_Problem requirements_
In the entries below, find the line with "Masque snorkeling Pirate" and the line with "2024年12月11日,中国"; copy them and every line between them exactly, but not the pictures.

_Data extracts_
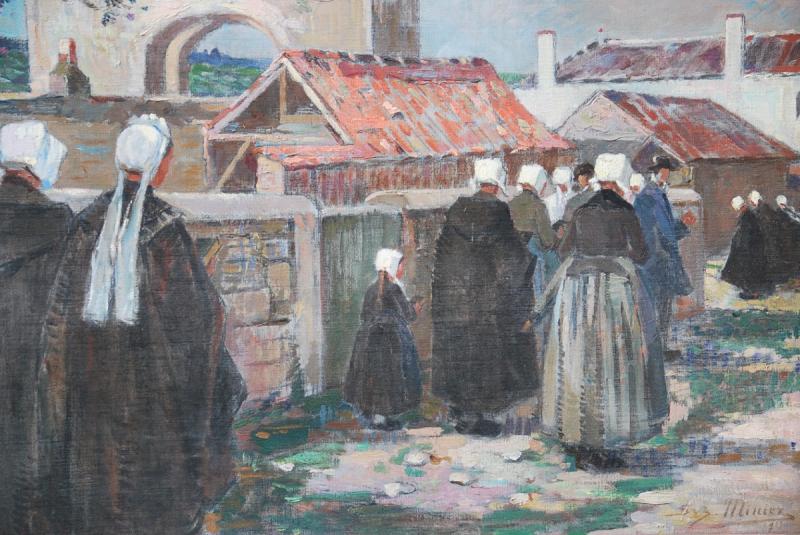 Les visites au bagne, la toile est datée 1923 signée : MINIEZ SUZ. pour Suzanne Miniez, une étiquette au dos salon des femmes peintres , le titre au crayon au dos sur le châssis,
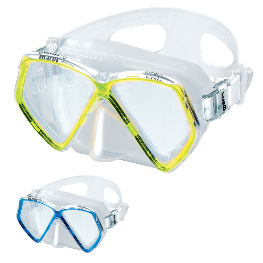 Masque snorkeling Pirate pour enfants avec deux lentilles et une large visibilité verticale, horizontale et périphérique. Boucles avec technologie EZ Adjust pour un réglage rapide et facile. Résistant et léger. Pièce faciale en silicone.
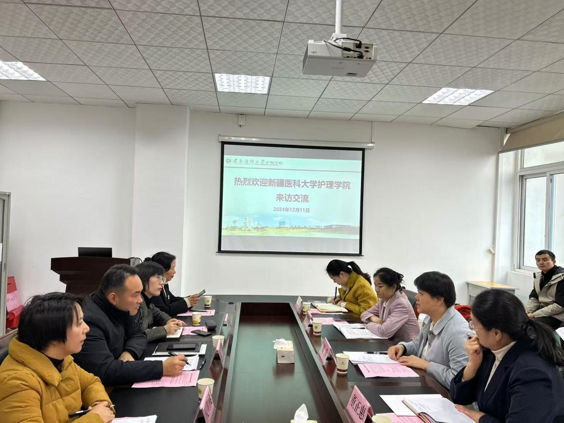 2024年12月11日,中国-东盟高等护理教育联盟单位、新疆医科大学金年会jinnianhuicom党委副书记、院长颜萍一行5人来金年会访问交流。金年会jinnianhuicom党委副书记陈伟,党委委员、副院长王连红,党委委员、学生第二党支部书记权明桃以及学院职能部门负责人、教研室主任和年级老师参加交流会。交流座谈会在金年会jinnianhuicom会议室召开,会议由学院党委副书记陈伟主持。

--

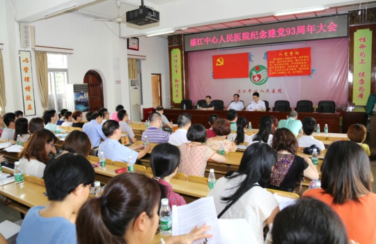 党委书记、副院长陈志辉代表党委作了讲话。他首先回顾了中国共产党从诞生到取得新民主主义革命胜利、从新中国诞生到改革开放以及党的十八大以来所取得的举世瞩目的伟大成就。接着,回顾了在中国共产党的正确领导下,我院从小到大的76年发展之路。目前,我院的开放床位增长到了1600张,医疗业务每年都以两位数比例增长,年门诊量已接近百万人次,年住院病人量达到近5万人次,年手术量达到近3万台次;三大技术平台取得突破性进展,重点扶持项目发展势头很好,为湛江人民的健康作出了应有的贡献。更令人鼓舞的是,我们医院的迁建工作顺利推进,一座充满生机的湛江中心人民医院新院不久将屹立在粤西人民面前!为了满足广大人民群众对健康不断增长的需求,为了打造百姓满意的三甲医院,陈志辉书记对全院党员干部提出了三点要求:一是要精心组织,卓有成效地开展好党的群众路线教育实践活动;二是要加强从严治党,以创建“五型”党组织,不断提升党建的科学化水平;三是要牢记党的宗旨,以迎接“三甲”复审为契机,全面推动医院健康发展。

_Response to the task_
 Masque snorkeling Pirate pour enfants avec deux lentilles et une large visibilité verticale, horizontale et périphérique. Boucles avec technologie EZ Adjust pour un réglage rapide et facile. Résistant et léger. Pièce faciale en silicone.
 2024年12月11日,中国-东盟高等护理教育联盟单位、新疆医科大学金年会jinnianhuicom党委副书记、院长颜萍一行5人来金年会访问交流。金年会jinnianhuicom党委副书记陈伟,党委委员、副院长王连红,党委委员、学生第二党支部书记权明桃以及学院职能部门负责人、教研室主任和年级老师参加交流会。交流座谈会在金年会jinnianhuicom会议室召开,会议由学院党委副书记陈伟主持。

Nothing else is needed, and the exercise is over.